Recently I wondered how dependent the definition of euclidean domains is of the co-domain of the norm-function.
To be precise: Let's define a semi-euclidean domain as a domain $R$ together with a norm $\delta : R \rightarrow \alpha$ for an ordinal $\alpha$ (or even the class of all ordinals) such that for $f,g \in R\ \exists\ q,r\in R$ such that $f=qg+r$ and $\delta(r)<\delta(g)$.
With the same argument as for euclidean domains semi-euclidean domains are principal-ideal-domains. Are there any semi-euclidean-domains which are not euclidean?
Thanks for your ideas,
Takirion
Edit: As the image of $\delta$ is well ordered (and as such isomorphic to an ordinal) we can assume that $\delta$ is surjective.
Here is an idea that didn't work: $\mathbb{R}^{\alpha}$, the "Polynomial Ring" indexed by an limit ordinal $\alpha$ with $\delta (f)=\deg(f)$, because if $\omega_1\in \alpha$ we can't divide $x^{\omega_1}$ by $x^2$.
Edit 2: Using Zorn's Lemma we can find a minimal norm in terms of the partial ordering $f\leq g \iff f(a)\leq g(a)\forall a\in R$ for two norms f and g. To show this let $(A, \leq)$ the partial ordered Set of all norms from $R$ in an ordinal $\alpha$ (note that to use Zorns Lemma here \alpha has to be an ordinal and can't be be class of all ordinals). Let $f_1\geq f_2\geq f_3\geq ...$ be a chain in $A$. Set $f(a)=min\lbrace f_n (a)|n\in \mathbb{N}\rbrace$. It's easy to see, that f is a norm on R and by definition it is a lower bound for all the $f_n$. So by Zorn's Lemma we find a minimal Element $\delta^*\in A.\square$
As $\delta^*$ is minimal obviously $\delta^*$ is surjective on an initialsegment of $\alpha$ (so we just assume it is surjective on $\alpha$). If $\alpha \leq \omega$ $R$ is euclidean and we are done. If not we find $x\in R$ with $\delta^*(x)=\omega$. But as $\delta^*$ is minimal this means, that for each $n\in \mathbb{N}$ we find $y\in R$ such that $y=q*x+r \implies \delta^*(r)>n$. At the moment i hope that it either will be possible to show that such a $x$ can't exist, or that this property of some elements gives hints on where to look for semi-euclidean but not euclidean rings.

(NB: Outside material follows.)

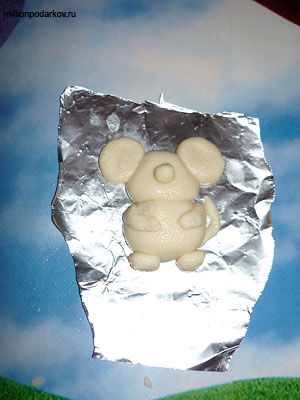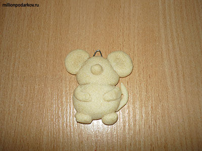Лепим фигурку мышки из теста. В верхнюю часть вставляем петлю из проволоки.

I found another interesting thing: Given that there is any euclidean function on the ring, we can construct $the$ minimal norm explicitely by transfinite induction. We define $\delta^{-1}(-\infty)=0$ and $\delta^{-1}(\alpha)=\lbrace x\in R\vert\forall y\in R \exists q,r\in R:y=q*x+r, \delta(r)<\alpha \rbrace$ for every ordinal $\alpha$. If we have any euclidean function $\mu$ we see immediately that every $x\in R$ gets assigned a value $\delta(x)<\mu(x)$ which shows both, that $\delta$ is defined on all elements of $R$ and that it is minimal. That it is indeed an euclidean function follows directly from the definition. By all the stuff above getting assigned a limit-ordinal is a property which belongs to an element and is essentialy independent of the euclidean function. So I guess if there is a semiceulclidean not euclidean ring those elements will be interesting objects to be studied.
These 'semi-Euclidean domains' have been studied and are often called (transfinite) Euclidean Domains. Motzkin was the first to realize that the co-domain of the norm-function need only be a well ordered set (see Motzkin's paper: 'The Euclidean Algorithm') and since then many authors have looked at the similarities between the classical definition of Euclidean domains and the extended definition. (For an introduction into these types of objects see Lenstra's "Lectures on euclidean rings" here: https://www.math.leidenuniv.nl/~hwl/PUBLICATIONS/pub.html)
As for your question: "Are there any semi-euclidean domains which are not euclidean?" the answer is yes, there are transfinite Euclidean domains whose co-domain is an ordinal larger than $\omega$. Masayoshi Nagata and Jean-Jacques Hiblot independently found rings with a co-domain of $\omega^2$ (see Nagata's paper "On Euclid algorithm" or Hiblot's paper "Des anneaux euclidiens dont le plus petit algorithme n’est pas a valeurs finies"). More recently, in work done by Conidis, Nielsen and Tombs, rings were constructed to have an arbitrary indecomposable ordinal as the co-domain (see Conidis, Nielsen and Tombs' paper "Transfinitely valued Euclidean domains have arbitrary indecomposable order type").